Between 1st July and 30th September, HMRC repaid £44.3m to individuals who paid too much tax upon accessing their pensions, according to the latest Pension Flexibility data.
Overpayment occurs because HMRC may place people on an emergency tax rate, treating a lump sum as if it were a regular monthly payment.
Those affected can reclaim the money by completing one of three forms, with refunds paid directly into bank accounts, or wait for a refund at the end of the tax year.
HMRC data showed that 12,002 repayment claims were processed between July and September 2024.
These refunds amounted to £3,691 on average per individual.
Reaction:
Helen Morrissey, head of retirement analysis at Hargreaves Lansdown:
“The pension tax saga drags on well into its ninth year with HMRC repaying almost £44.3m to people who were overtaxed on pension withdrawals over the quarter.
“It’s a situation that beggars belief with around £1.3bn in total being refunded so far.
“You can get the extra money refunded but this is not the point. Many of these people will not have been expecting this and the extra tax bill will have come as a nasty shock.
“It may even have undermined plans that people had for the money in the short term, and it takes time to sort out.
“It’s an extra complexity that no one needs and should have been resolved many years ago.
“The reason this happens is that you can be put on an emergency rate of tax whereby HMRC treats it as though that first payment will be repeated every month.
“You can try to mitigate this by making your first pension withdrawal a small one if possible.
“If you do get landed with a bill, then you can get it rectified quickly by filling out a form and getting your money back as soon as possible.”

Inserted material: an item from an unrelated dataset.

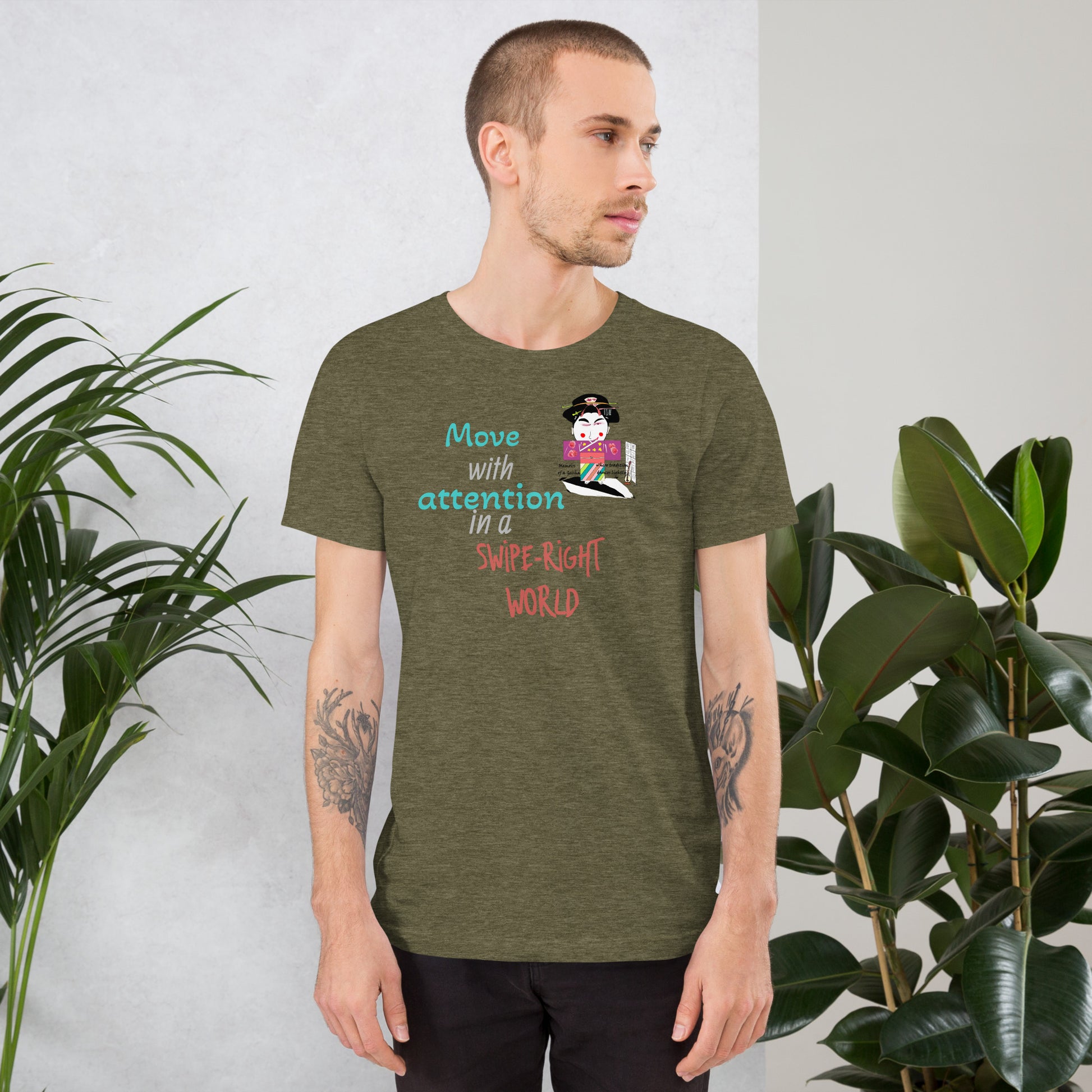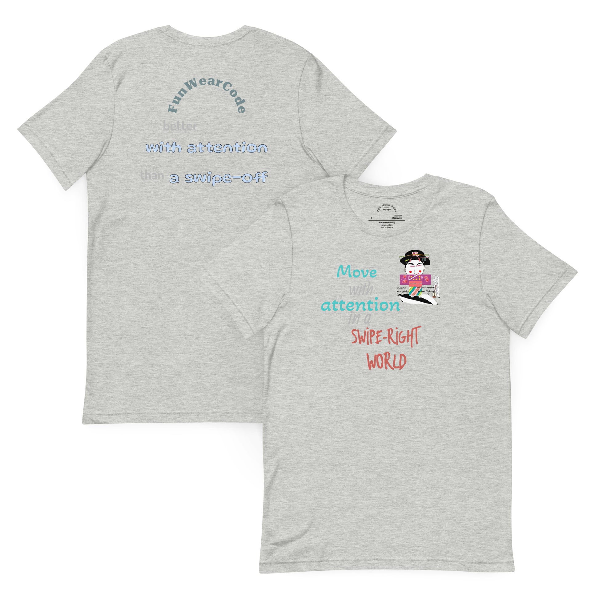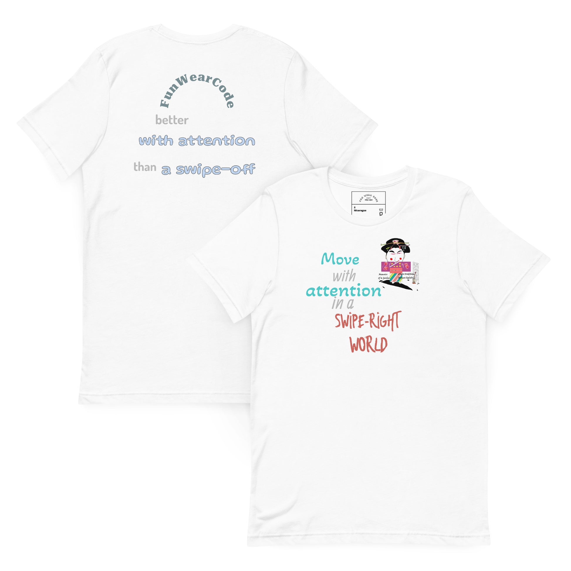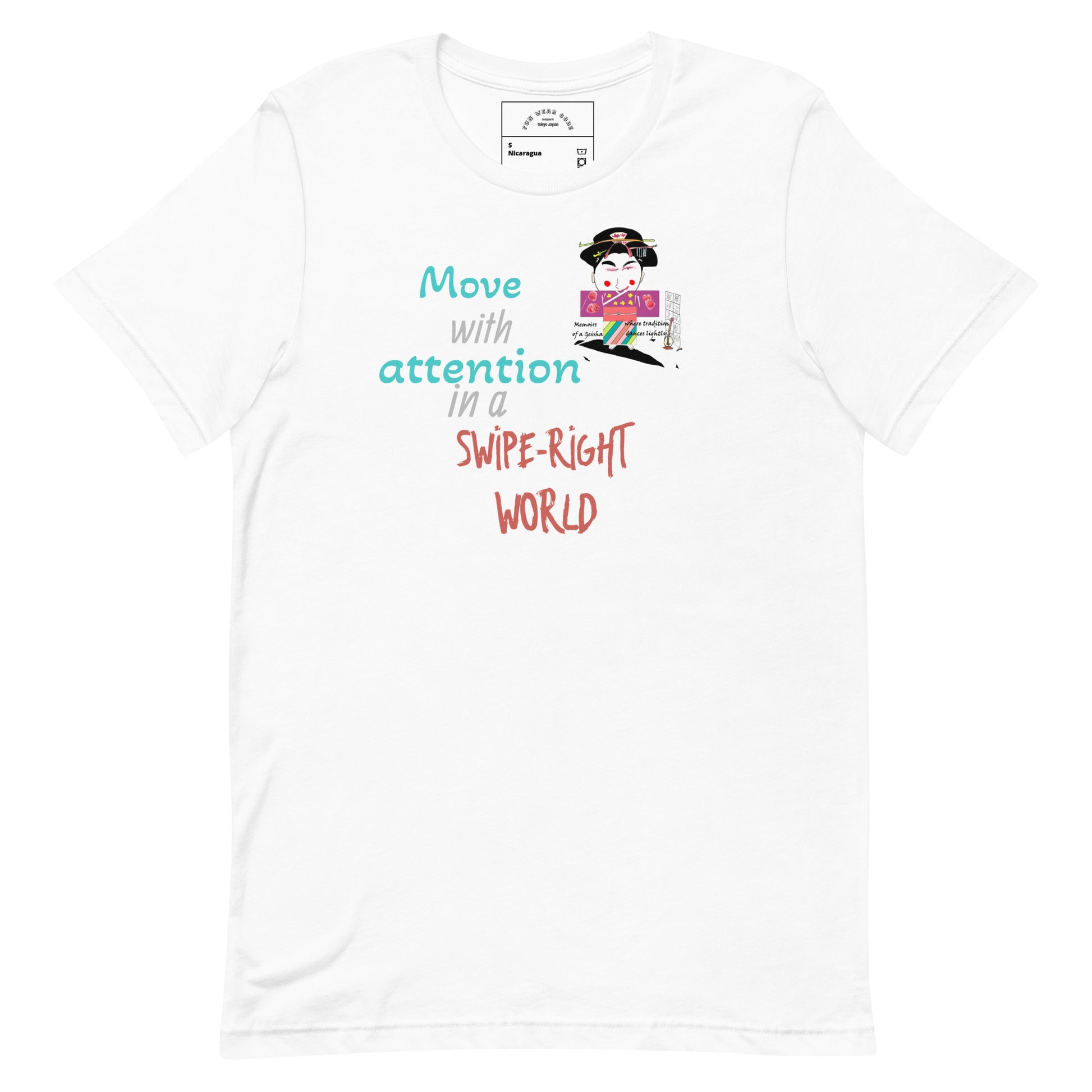 Elevate your everyday wardrobe with this sophisticated unisex tee that seamlessly merges cultural heritage with contemporary flair. Crafted from lightweight cotton, it delivers comfort without compromise. The design draws inspiration from Japanese tradition and the acclaimed film "Memoirs of a Geisha," presenting classic cultural motifs through a modern, playful lens. Perfect for those who appreciate thoughtful design and meaningful storytelling in their clothing, this piece serves as both a versatile staple and an engaging conversation starter. Ideal for layering or wearing solo, it brings understated elegance to casual occasions.

Jon Greer, head of retirement policy at Quilter:
“While this quarter has seen a slight decrease in overpayments compared to the last, it underscores the ongoing complexity and inefficiencies in the system when it comes to flexible pension withdrawals.
“Despite a gradual easing in cost-of-living pressures, these figures suggest that many are still drawing from their pension savings to navigate financial challenges.
“However, what’s particularly concerning is that we may see a sharp rise in withdrawals in the next set of data, driven by growing anxieties surrounding the upcoming budget.
“With persistent rumours and the Government’s rhetoric pointing to a ‘painful’ fiscal event, many savers may take unplanned action to take tax-free cash from their pension pots, fearing potential changes to pension taxation.
“This could lead to hasty decisions, which may not be in their long-term financial interests.
“Clearly this is not intentional policy by the government but might come to be an unfortunate by-product nevertheless.
“The tax system’s inherent flaws place a heavy burden on retirees.
“The PAYE system, while effective for regular income, struggles to accommodate the way pensions are accessed under the freedoms introduced in 2015.
“As a result, emergency tax codes are often applied to withdrawals, leading to significant overpayments and unnecessary delays in reclaiming funds.
“With an average refund still substantial, the need for reform is clear.
“It is vital that those considering pension withdrawals amid these budget rumours seek professional financial advice.
“A rush to take money out could result in unnecessary tax liabilities, and careful planning is essential to avoid making decisions that might compromise their retirement plans.
“Advisers can help structure withdrawals effectively, ensuring savers do not fall foul of the tax system’s pitfalls.
“Until the system is changed, we are likely to continue seeing many savers caught out and forced to reclaim significant sums of money.”